Дорог больше, чем три. Все расходятся в разные стороны под немыслимыми углами, но есть и параллельные – невозможно. Лобачевский говорил: да, - возможно. Он висел у нас в школе, висел, как и положено живому, но давно умершему человеку, благодаря своему портрету, выпущенному издательством «Политпросвещение» специально для школ. Тогда, как и сейчас было всё «полит», только тогда на это делали ставку, а сейчас её делают на путаницу.
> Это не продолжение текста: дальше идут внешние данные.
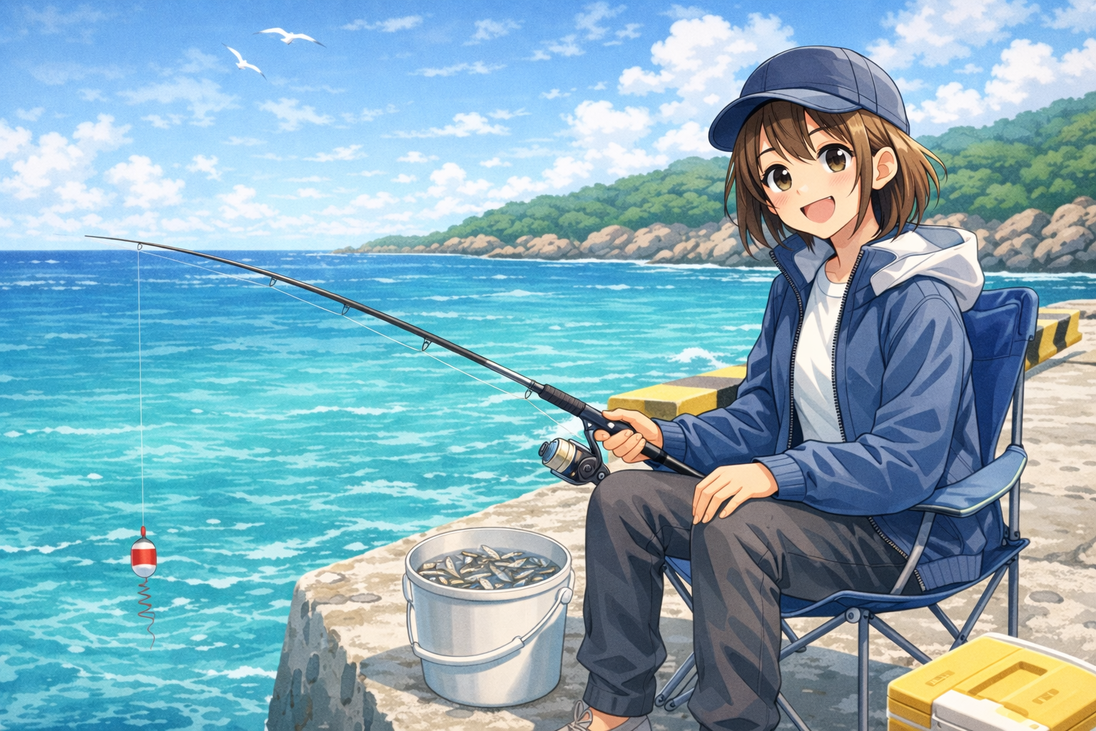 椅子に座って、海を眺めながら待つ時間も含めて、釣りそのものを楽しめます。

Это правильно, люди стали не умнее, а пассивнее головой и облапошить их труднее и труднее, потому как никто не обращает внимания на облапошивающего, ведь гораздо приятнее сыграть в лохотрон, поднять сто долларов с тротуара, получить неожиданный подарок от фирмы и потом, будучи облапошенным, завыть на всю улицу, завыть по звериному громко, но по-человечески обиженно, кто ещё так замечательно умеет обижаться, как заслуживший обиду человек – никто.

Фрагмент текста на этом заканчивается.